Excerpted records:
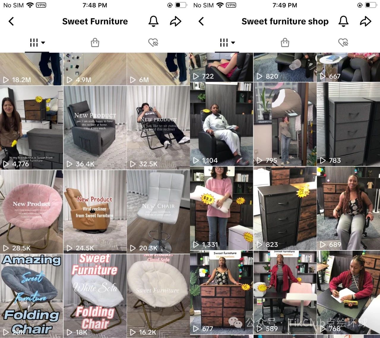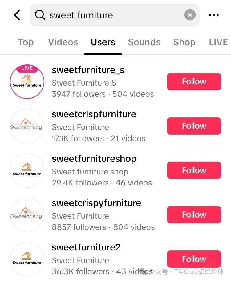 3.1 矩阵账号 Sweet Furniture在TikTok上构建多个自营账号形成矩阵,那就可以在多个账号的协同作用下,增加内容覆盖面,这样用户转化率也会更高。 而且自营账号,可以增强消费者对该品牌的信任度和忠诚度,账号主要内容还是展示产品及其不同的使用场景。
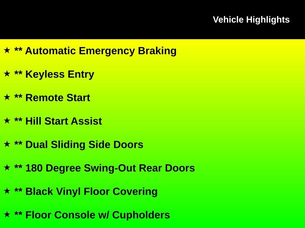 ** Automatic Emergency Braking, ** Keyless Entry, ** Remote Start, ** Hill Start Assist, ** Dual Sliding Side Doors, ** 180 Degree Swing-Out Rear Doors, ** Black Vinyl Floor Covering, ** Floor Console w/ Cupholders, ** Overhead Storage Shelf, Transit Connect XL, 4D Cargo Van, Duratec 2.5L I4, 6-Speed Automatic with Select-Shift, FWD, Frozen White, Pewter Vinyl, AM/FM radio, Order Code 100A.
...
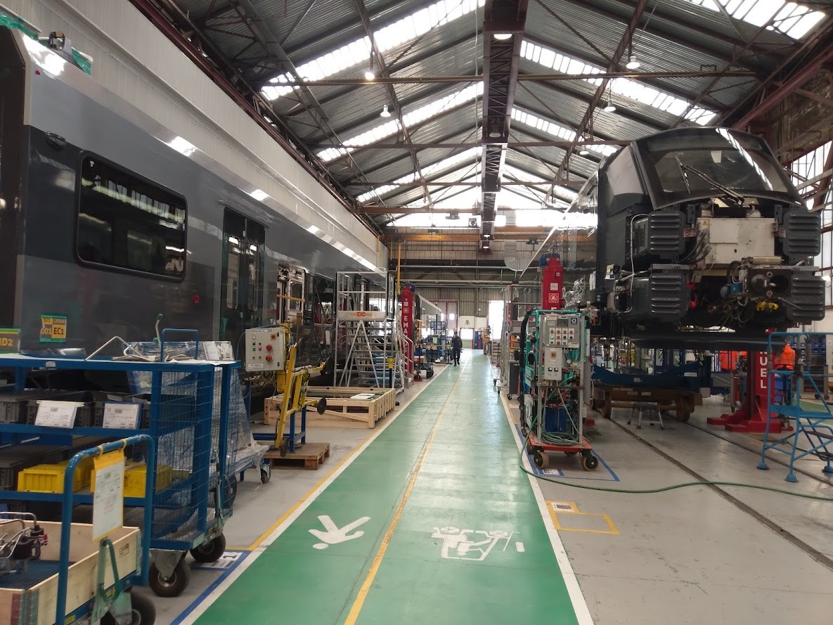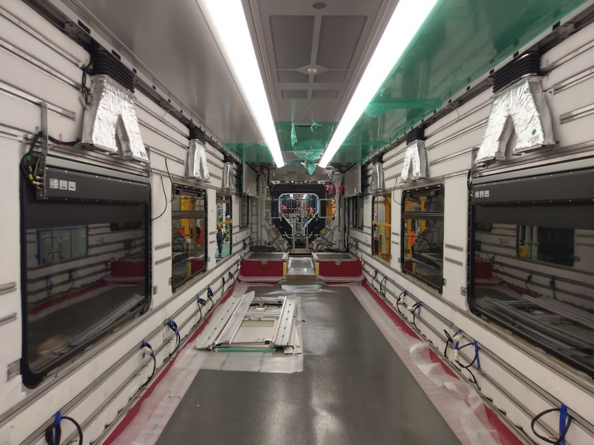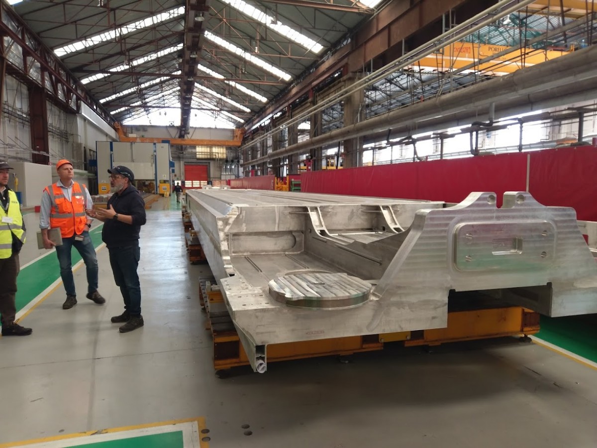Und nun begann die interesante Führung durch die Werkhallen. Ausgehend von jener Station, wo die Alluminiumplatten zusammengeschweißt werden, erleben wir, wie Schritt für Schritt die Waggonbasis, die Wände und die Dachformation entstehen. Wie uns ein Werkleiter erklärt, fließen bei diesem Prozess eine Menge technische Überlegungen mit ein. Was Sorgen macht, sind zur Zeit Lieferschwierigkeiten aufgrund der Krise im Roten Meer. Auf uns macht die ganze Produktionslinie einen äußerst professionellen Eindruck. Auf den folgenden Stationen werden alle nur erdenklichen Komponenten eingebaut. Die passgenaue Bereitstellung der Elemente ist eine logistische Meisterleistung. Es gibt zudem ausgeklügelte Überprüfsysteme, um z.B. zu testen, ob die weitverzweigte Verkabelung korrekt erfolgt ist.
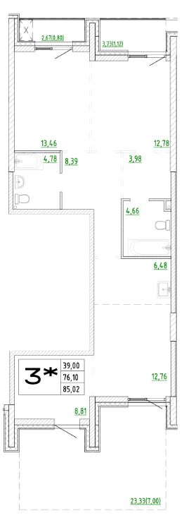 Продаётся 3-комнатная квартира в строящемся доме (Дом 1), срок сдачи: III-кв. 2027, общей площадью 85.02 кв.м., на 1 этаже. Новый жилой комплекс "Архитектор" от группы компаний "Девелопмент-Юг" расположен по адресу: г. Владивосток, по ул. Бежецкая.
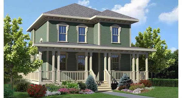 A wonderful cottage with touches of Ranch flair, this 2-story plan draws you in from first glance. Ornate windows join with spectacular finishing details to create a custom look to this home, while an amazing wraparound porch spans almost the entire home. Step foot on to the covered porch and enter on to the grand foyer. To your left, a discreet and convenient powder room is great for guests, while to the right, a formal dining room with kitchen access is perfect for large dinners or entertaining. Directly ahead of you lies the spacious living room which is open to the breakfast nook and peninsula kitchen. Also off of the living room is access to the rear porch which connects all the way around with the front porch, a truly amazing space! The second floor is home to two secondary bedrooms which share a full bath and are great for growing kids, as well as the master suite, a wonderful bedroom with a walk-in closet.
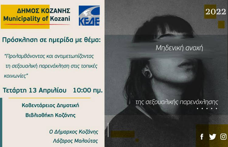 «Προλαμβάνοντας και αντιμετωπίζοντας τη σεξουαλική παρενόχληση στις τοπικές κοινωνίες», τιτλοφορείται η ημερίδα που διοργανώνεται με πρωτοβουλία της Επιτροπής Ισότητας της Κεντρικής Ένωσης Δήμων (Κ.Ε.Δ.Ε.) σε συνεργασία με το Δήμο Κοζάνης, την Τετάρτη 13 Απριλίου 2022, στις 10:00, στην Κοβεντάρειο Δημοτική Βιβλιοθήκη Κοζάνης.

What to do: Range to copy from the records above: the line containing "3.1 矩阵账号 Sweet" to the line containing "Order Code 100A.", both included. Output those lines exactly and only those, skipping pictures.

Response area:
 3.1 矩阵账号 Sweet Furniture在TikTok上构建多个自营账号形成矩阵,那就可以在多个账号的协同作用下,增加内容覆盖面,这样用户转化率也会更高。 而且自营账号,可以增强消费者对该品牌的信任度和忠诚度,账号主要内容还是展示产品及其不同的使用场景。
 ** Automatic Emergency Braking, ** Keyless Entry, ** Remote Start, ** Hill Start Assist, ** Dual Sliding Side Doors, ** 180 Degree Swing-Out Rear Doors, ** Black Vinyl Floor Covering, ** Floor Console w/ Cupholders, ** Overhead Storage Shelf, Transit Connect XL, 4D Cargo Van, Duratec 2.5L I4, 6-Speed Automatic with Select-Shift, FWD, Frozen White, Pewter Vinyl, AM/FM radio, Order Code 100A.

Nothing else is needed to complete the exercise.